Futebol sempre foi um negócio, isso não é nenhuma novidade. Porém o que nós vemos hoje em dia é uma verdadeira destruição cultural do futebol e dos clubes. Os campeonatos citadinos e regionais sofrem cada ano mais por essa máquina fantasiosa que transforma clubes em balcão de negócios de investidores, televisão, sonegadores e todo tipo de vagabundo que se alimenta da alegria das pessoas.
Tentam copiar a todo custo o modelo de gestão europeu com arenas multiuso moderníssimas, verdadeiros centros de entretenimento com lojas, cinemas, restaurantes e pouco futebol. Esquecem infelizmente daquele que mais pode dar vida ao empreendimento ou seja o torcedor. O verdadeiro combustível de um clube, aquele que pegava sua almofadinha e seu radinho e seguia à cancha. Tomava sua cerveja, comia seu pastel, gritava, xingava e voltava para casa depois de mais um jogo. Hoje não consegue mais nem fazer a metade disso sem deixar um rim na saída do estádio.

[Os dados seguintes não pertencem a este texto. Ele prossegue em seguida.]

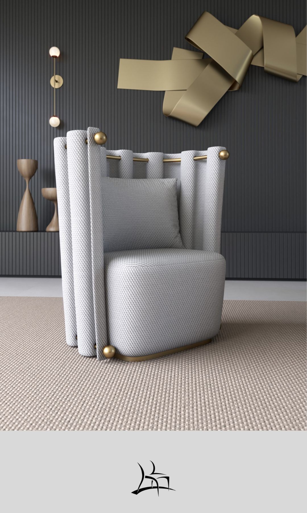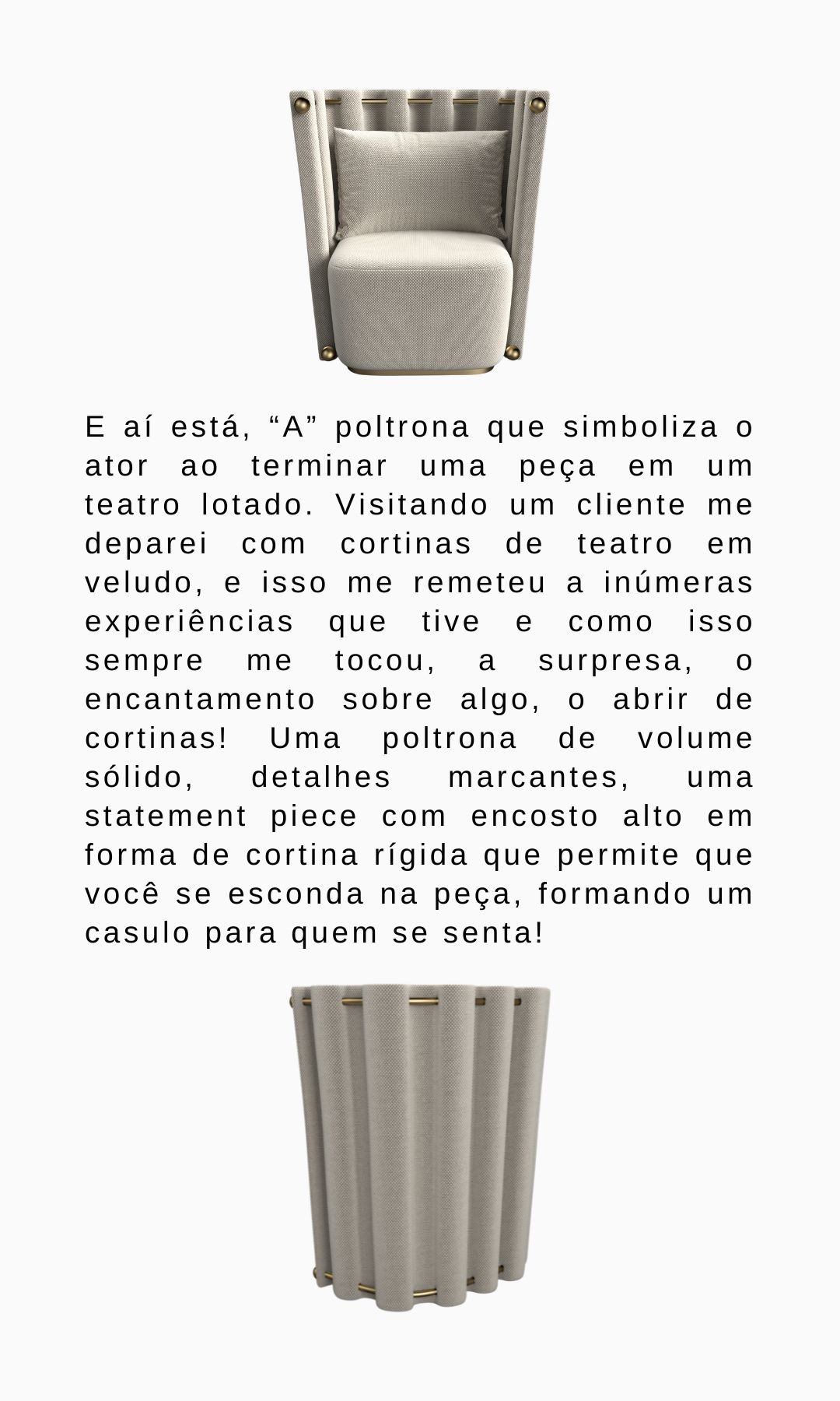 E aí está, “A” poltrona que simboliza o ator ao terminar uma peça em um teatro lotado. Visitando um cliente me deparei com cortinas de teatro em veludo, e isso me remeteu a inúmeras experiências que tive e como isso sempre me tocou, a surpresa, o encantamento sobre algo, o abrir de cortinas! Uma poltrona de volume sólido, detalhes marcantes, uma statement piece com encosto alto em forma de cortina rígida que permite que você se esconda na peça, formando um casulo para quem se senta!

Mas isso é o futebol contemporâneo, o futebol de vitrine, o modelo a ser seguido, pois no primeiro mundo é assim, pois bem, está aí o resultado preliminar. Clubes quebrados e que devem até as calças, estádio que parecem quadras de tênis, jogos pífios, pipoca a 15 conto! entre outros... Porém o mais grave ainda não é isso e sim a destruição da nossa matéria prima, ou seja, nossos craques.
Onde estão os pequenos gênios da bola, os dribladores, a gurizada de faz fila no jogo, aquele guri que brinca com o adversário?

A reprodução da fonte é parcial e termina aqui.